There are moments in our lives when we are so overwhelmed we feel like shutting down. The world is crumbling around us and life is too difficult to handle. Moments when we want to lose it, hide, curl up or just cry. We have all had moments when it seems that nothing, and no one, can help us, moments when we are utterly, and literally, exhausted. These are the moments when we should give up.

That's right, give up. When you've hit your wall and there's no escape, take all your pain, all your sorrow, all the "I can't," the "help me," and the "it's too much" moments and give them up to Christ. After all, he's already volunteered to take them for you.

When Christ suffered in Gethsemane, it was not only for our sins, it was for our sorrows, our pain and everything we go through. He was utterly forsaken by his father on the cross, rejected by his people and beaten and spit upon. He felt every sorrow, every pain, every suffering any of us have ever had. There is nothing on this earth you will experience that he has not. So why carry all your sorrow alone? Why carry it at all? Give it up to the Savior, he will carry your pain, and you as well.

You might ask, but, how can I do this? My pain is so raw, so real. I've lost a husband, a mother, a child, a limb, a life, a home. I've been hurt, abused, shamed or violated. How can I give this up? Why should I give this up? What if I'm not worthy of his love?

First of all, everyone is worthy of God's grace

. There is not one person on this earth he would not help, if given the opportunity. The grace of God is not earned. It is free to every one of his children. Open yourself up, and give your pain to him. When Christ was on the earth, he spent most of his time healing those who were sick, blind, lame or suffering because of their sins. All he asked them for was their faith, he asked them to love their neighbors, and to go and sin no more. This is all he asks of us.

How can you let go

? This may be the hardest part. When we let go of our fears, doubts, anger or anxiety we may feel like we've lost all control. But that is the point, isn't it? Release your fear of losing someone you love, let it go. Have faith in the Lord's plan, it's a good one! Grief and mourning are good, and healthy, but let go of the prolonged pain and anger you may be hanging on to. Find a quiet spot and plead with the Lord, let him know all of your fears, everything your feeling. Ask for help, plead for peace. It's yours for the asking, all he wants in return is your faith.

Why should you give up

? You cannot carry all of your life's pain, grief, anger, anxiety and sorrow alone. You were not designed to physically do this. And why would you want to live in utter misery and pass that misery onto your children? Your family is very sensitive to your feelings, whether they say so or not. Shouldering all that pain has a profound effect on the spirit and atmosphere in your home. You will never be truly happy in this life, or the next, without developing the faith in Christ needed to let go of all your worries and let him bring you peace.

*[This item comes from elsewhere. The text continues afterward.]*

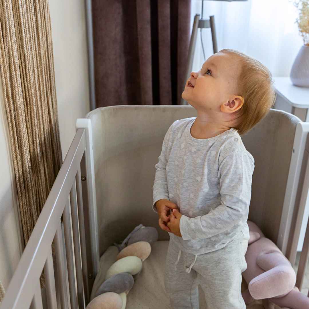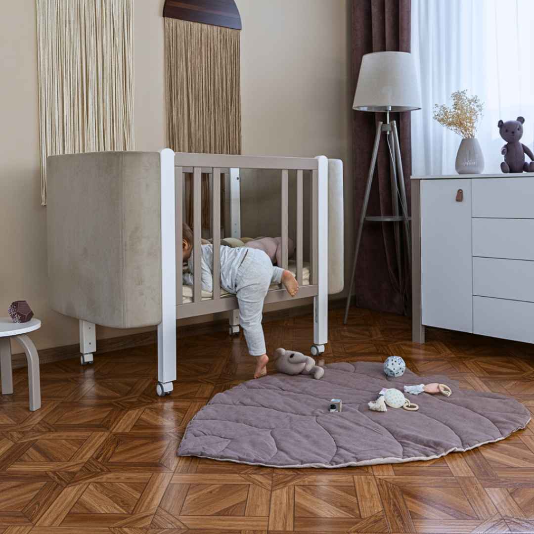 Když dítě trochu povyroste, můžete vyjmout tři příčky na boční straně a vytvořit bezpečný vstup, kterým může dítě samo do postýlky vlézt a vylézt z ní.

Ask yourself how hanging on to pain and anger benefits you?

By continuing to be angry and blame others for your troubles, you may be avoiding looking long and hard at yourself. Are there changes you need to make? Let go of your anger towards others. Forgive yourself as the Savior forgives you. Release the anger and reserve that energy for positive changes.

How do I grow closer to the Savior, and accept his grace

? How did you get to know your spouse or your best friend? You spend time together immersed in his or her company. Invite Christ into your life. Pray, read about him and talk with him. He is waiting for you to invite him in. You will feel his great love for you.

The love of God is so powerful, his grace so profound, he can envelop us in his peace and bring joy to our lives, if we let him in. This requires us to let go of our pain, our weaknesses and our plans. His plan, his peace and his love are greater than any we could possibly find on earth. Give it up and give it to him.